Thyroid Eye Disease Pipeline Accelerates with 20+ Companies Advancing Innovative Therapies Across Clinical Stages

23 April 2026
Thyroid eye disease Pipeline
Thyroid eye disease Pipeline

Thyroid Eye Disease (TED), also known as Graves’ ophthalmopathy, is a serious autoimmune inflammatory condition that targets the orbital tissues, including muscles and fat surrounding the eyes. Closely linked to Graves’ disease and other thyroid dysfunctions, TED often emerges in patients with underlying hyperthyroidism. As the global prevalence of thyroid disorders continues to rise, driven by aging populations, lifestyle factors, and improved diagnostic rates—the pool of patients at risk for TED is expanding significantly.

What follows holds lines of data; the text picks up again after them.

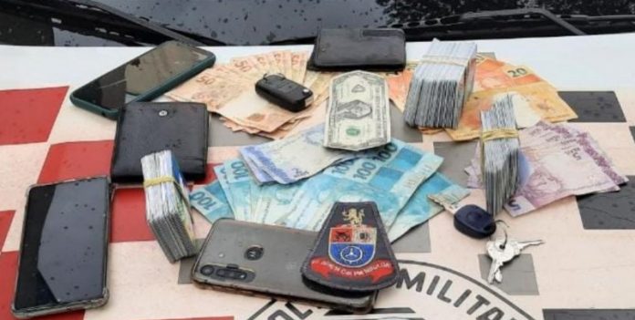 De acordo com a Polícia Militar, foram encontrado no total, 120 cartões, adesivo contendo a senha de acesso, além da quantia de R$ 2.138,00 em dinheiro, provavelmente de saques do auxílio emergencial. Os criminsos receberam voz de prisão em flagrante, e foram conduzidos ao 2º Distrito Policial.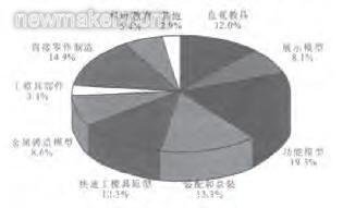 圖1是快速成形技術的主要應用功能的比例。它包括:①直觀展具:用於(yu) 工程師,設計師,工具製造者,建築師,醫學專(zhuan) 家與(yu) 用戶溝通交流的輔助工具;②展示模型:如地理信息係統模型;③功能模型;④裝配模型;⑤快速模具原型:如矽橡膠模具;⑥金屬鑄造模型;⑦工模具部件;⑧直接數字/快速製造:如定製化零件,替代物零件等。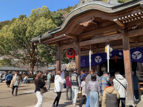 三連休、お天気にも恵まれて、お出かけや宿泊で天瀬町を訪れる方もたくさん。高塚愛宕地蔵尊も、拝殿前は参拝のお客様の列ができていました。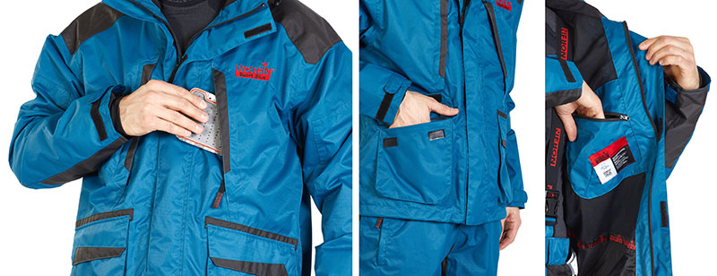У куртки четыре внешних кармана: два боковых с ветрозащитными клапанами на липучках «Velcro» и два объемных нагрудных кармана на молниях, а так же один, внутренний карман, на молнии для документов, мобильного телефона и прочих важных мелочей.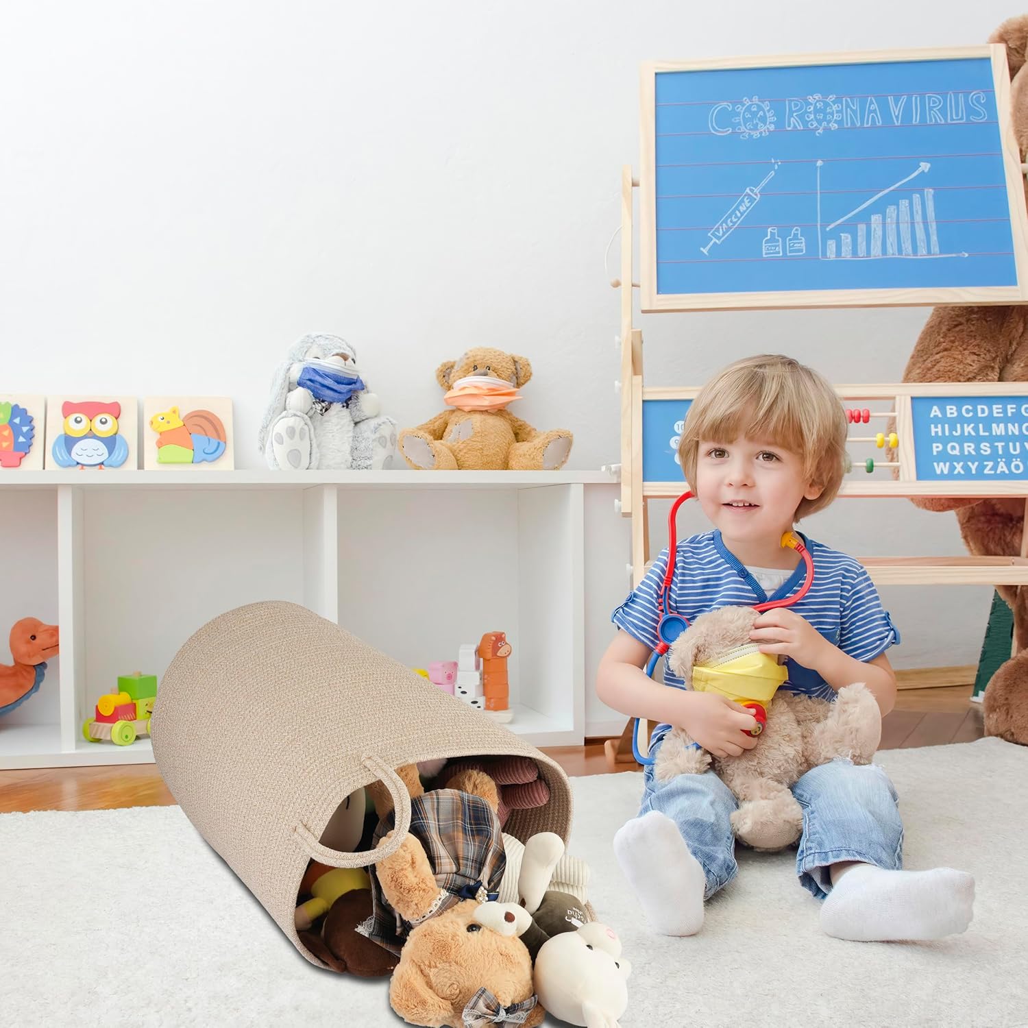 - Tall storage basket with handles: This cute tall round rope basket is designed with long and sturdy handles, making it easy to move around. As the clothes storage basket is made of soft cotton rope, it has no sharp edges and will not scratch your furniture or floor.

This growing patient base is a key driver fueling demand for targeted TED therapies and shaping market growth trajectories.

DelveInsight’s Thyroid Eye Disease Pipeline Insight 2026 report provides comprehensive global coverage of pipeline thyroid eye disease therapies in various stages of clinical development, major pharmaceutical companies are working to advance the pipeline space and future growth potential of the thyroid eye disease pipeline domain.

Key Takeaways from the Thyroid Eye Disease Pipeline Report

  • DelveInsight’s thyroid eye disease pipeline report depicts a robust space with 20+ active players working to develop 25+ pipeline thyroid eye disease drugs. 
  • Key thyroid eye disease companies such as Viridian Therapeutics, Inc., Tourmaline Bio, Inc., Hoffmann-La Roche, H. Lundbeck A/S, Alumis, Sling Therapeutics, Inc., Changchun GeneScience Pharmaceutical Co., Ltd., argenx, Minghui Pharmaceutical (Hangzhou) Ltd, Amgen, Crinetics Pharmaceuticals, Ollin Biosciences, Lycia Therapeutics, Inflammasome Therapeutics, and others are evaluating new thyroid eye disease drugs to improve the treatment landscape.
  • Promising pipeline thyroid eye disease therapies, such as VRDN-003, TOUR006Satralizumab, Lu AG22515lonigutamablinsitinibGenSci098Efgartigimod, MHB018A, AMG 732, CRN12755, OLN102, LCA-0321, K 9,  and others, are in different phases of thyroid eye disease clinical trials.
  • In September 2025, Viridian Therapeutics, Inc. announced that enrollment is complete in REVEAL-1 and REVEAL-2, Phase III clinical trials for VRDN-003 in patients with active and chronic TED, respectively. 
  • In August 2025, Alumis announced that the US Food and Drug Administration has granted Fast Track Designation to lonigutamab for the treatment of thyroid eye disease (TED).
  • In July 2025, Viridian Therapeutics, Inc. announced that it had entered into an exclusive collaboration and license agreement with Kissei Pharmaceutical Co., Ltd. to develop and commercialize VRDN-003 in Japan.
  • In May 2025, Alumis Inc. announced that it had completed its merger with ACELYRIN, Inc. Each ACELYRIN stockholder will receive 0.4814 shares of Alumis common stock for each share of ACELYRIN common stock owned.
  • In April 2025, VelaVigo Bio announced its second out-licensing agreement of a first-in-class asset to Ollin Biosciences, Inc., granting Ollin an exclusive license to develop, manufacture and commercialize VBS-102 globally (excluding Greater China). 
  • In January 2025, Sling Therapeutics, Inc., announced topline efficacy and safety data from the Phase IIb/III LIDS trial of linsitinib in patients with active, moderate to severe TED.
  • In January 2025, ACELYRIN, INC. announced additional Phase II data and the Phase III program design for lonigutamab in Thyroid Eye Disease (TED).
  • In October 2024, Minghui Pharmaceutical, Inc. announced positive topline results from its Phase Ib/II clinical trial of MHB018A in patients with active TED.
  • In October 2024, H. Lundbeck A/S announced the initiation of the first clinical trial of its CD40L blocker, Lu AG22515, in patients. Lundbeck’s proof-of-concept (PoC) trial will evaluate the efficacy, safety, and tolerability of Lu AG22515 as a potential treatment for Thyroid Eye Disease.
  • In August 2024, Changchun GeneScience Pharmaceutical Co., Ltd. announced that GenSci098 Injection has obtained the implied license for clinical trials from the US Food and Drug Administration (FDA). GenSci will conduct clinical trials aimed at treating Thyroid Eye Disease.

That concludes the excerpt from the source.